▶ **Exercise**: When copying the records below, keep every word as it is and drop the images.

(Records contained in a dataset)
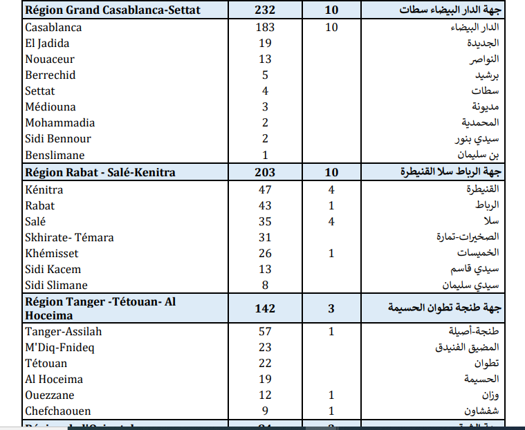 أما الوفيات فتتوزع بين كل من جهات الدار البيضاء-سطات (10 حالة)، وجهة الرباط سلا القنيطرة (10)، وجهة فاس مكناس (6)، وجهة مراكش آسفي (5)، وجهة بني ملال خنيفرة (4)، وجهة طنجة-تطوان-الحسيمة (3)، وجهة الشرق (3)، وجهة سوس-ماسة (1)، وجهة كلميم واد نون (1).
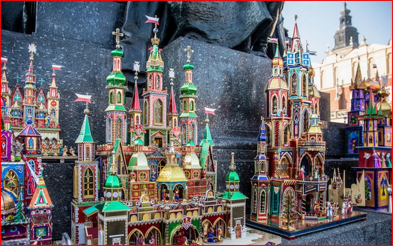 *Aujourd'hui, ces crèches se caractérisent par une accumulation d'éléments miniaturisés de l'architecture historique de Cracovie, qui sont traités et combinés de manière fantaisiste. Les crèches sont non seulement conçues avec précision et richement décorées, mais également électrifiées et mécanisées, ce qui renforce encore l'effet final et rend leurs structures plus attrayantes.
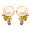 ORECCHINI in oro giallo 18 KT con tormaline, ametiste e perle mabe' e diamanti taglio brillante ct. 0,75 peso di stima I color SI2 (g. 20,40).
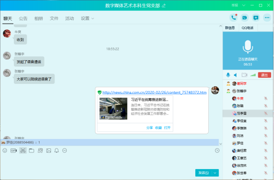 2020年2月27日晚上7点,因疫情原因在数字媒体艺术本科生党支部QQ群召开2月份“支部主题党日”。
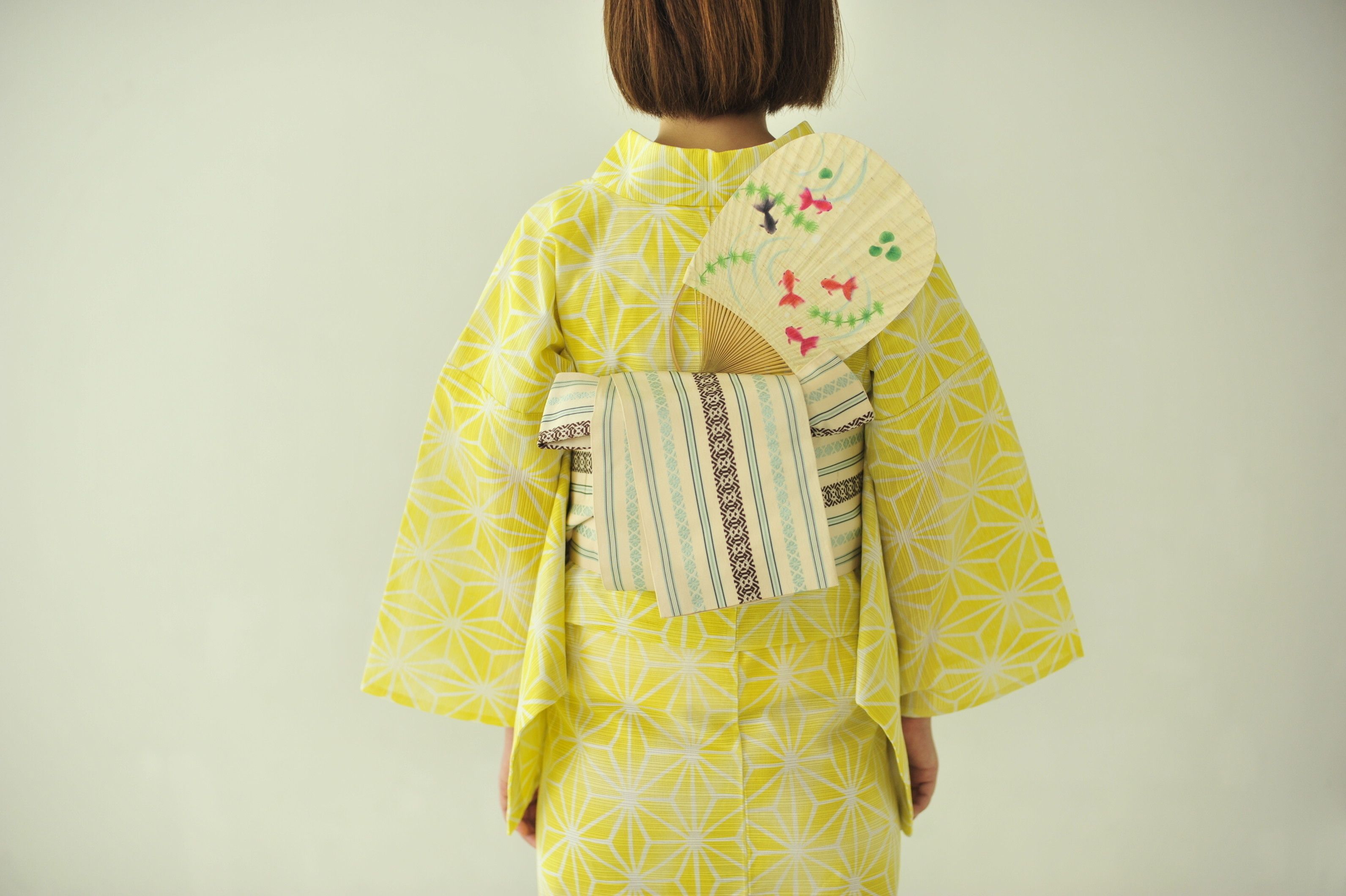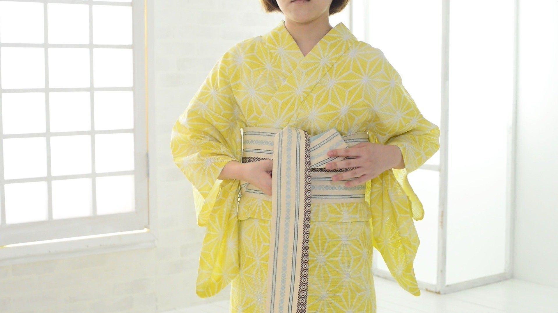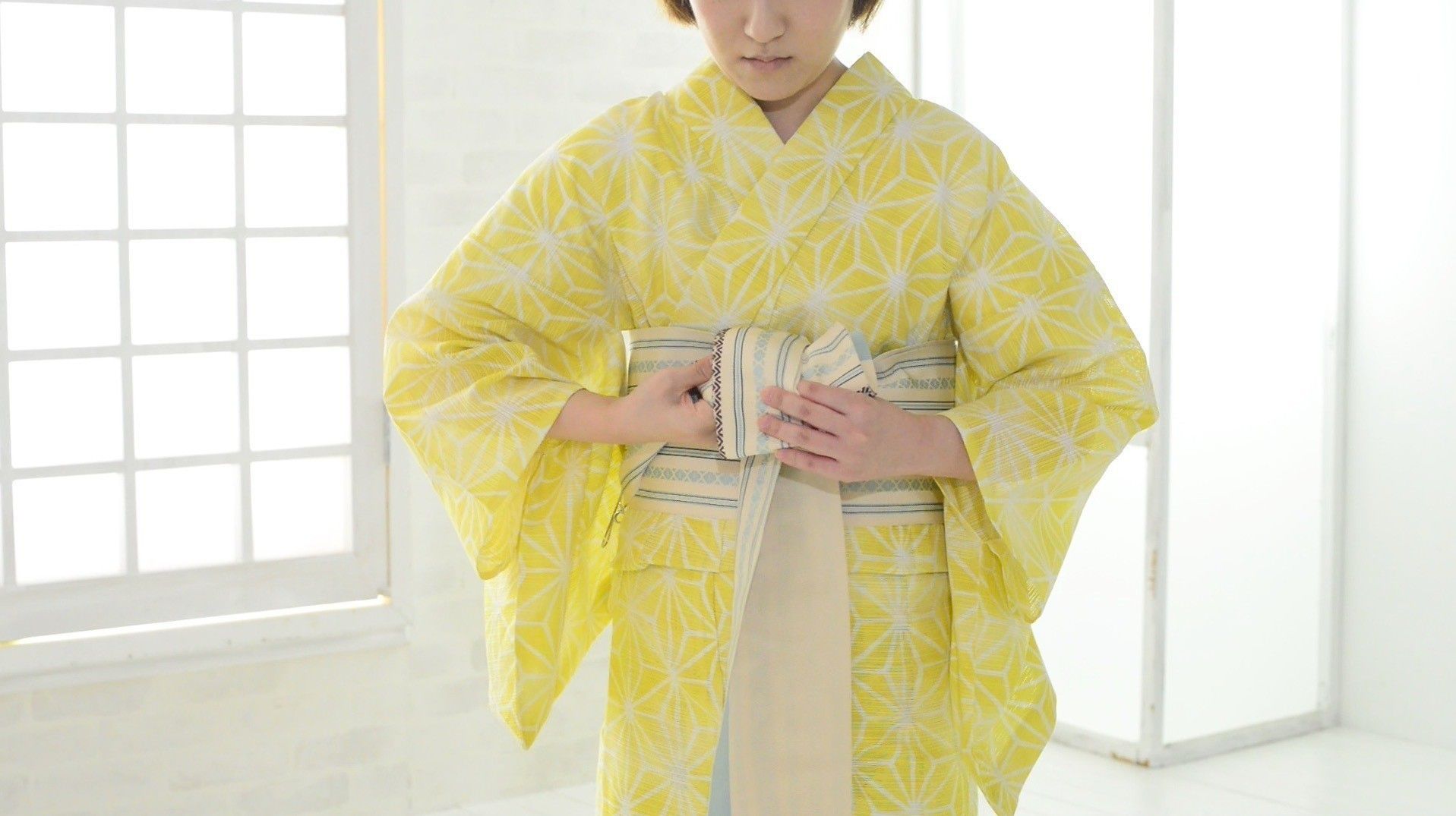 小さめの羽根が特徴の「割角出し(わりつのだし)」は、文庫系の帯結びと比べると、やや落ち着いていてクールな印象。一見難しそうに見えますが、結び目が隠せる帯結びなので、実は初心者にもおすすめです。
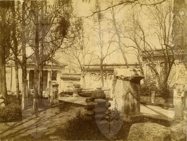 Veduta del terzo ripiano dell'Orto Lapidario dei Musei civici di Storia ed Arte di Trieste. In primo piano il camminamento tra le lapidi che attraversa il Lapidario e sullo sfondo il muro di cinta ad archi ciechi con le iscrizioni murate e il tempietto neoclassico che ospita il cenotafio di J.J. Winckelmann.
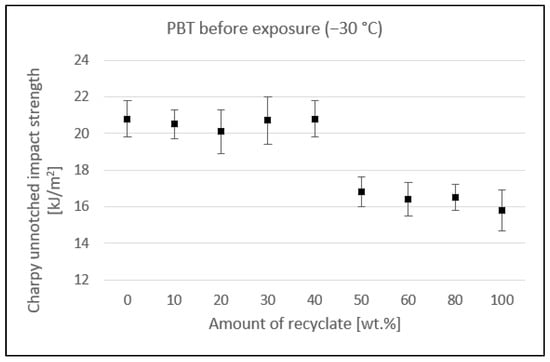 Dependence of the unnotched impact strength of PBT on the amount of recycled material before the samples were exposed to elevated temperature (−30 °C).

▶ **Task response**:
 أما الوفيات فتتوزع بين كل من جهات الدار البيضاء-سطات (10 حالة)، وجهة الرباط سلا القنيطرة (10)، وجهة فاس مكناس (6)، وجهة مراكش آسفي (5)، وجهة بني ملال خنيفرة (4)، وجهة طنجة-تطوان-الحسيمة (3)، وجهة الشرق (3)، وجهة سوس-ماسة (1)، وجهة كلميم واد نون (1).
 *Aujourd'hui, ces crèches se caractérisent par une accumulation d'éléments miniaturisés de l'architecture historique de Cracovie, qui sont traités et combinés de manière fantaisiste. Les crèches sont non seulement conçues avec précision et richement décorées, mais également électrifiées et mécanisées, ce qui renforce encore l'effet final et rend leurs structures plus attrayantes.
 ORECCHINI in oro giallo 18 KT con tormaline, ametiste e perle mabe' e diamanti taglio brillante ct. 0,75 peso di stima I color SI2 (g. 20,40).
 2020年2月27日晚上7点,因疫情原因在数字媒体艺术本科生党支部QQ群召开2月份“支部主题党日”。
 小さめの羽根が特徴の「割角出し(わりつのだし)」は、文庫系の帯結びと比べると、やや落ち着いていてクールな印象。一見難しそうに見えますが、結び目が隠せる帯結びなので、実は初心者にもおすすめです。
 Veduta del terzo ripiano dell'Orto Lapidario dei Musei civici di Storia ed Arte di Trieste. In primo piano il camminamento tra le lapidi che attraversa il Lapidario e sullo sfondo il muro di cinta ad archi ciechi con le iscrizioni murate e il tempietto neoclassico che ospita il cenotafio di J.J. Winckelmann.
 Dependence of the unnotched impact strength of PBT on the amount of recycled material before the samples were exposed to elevated temperature (−30 °C).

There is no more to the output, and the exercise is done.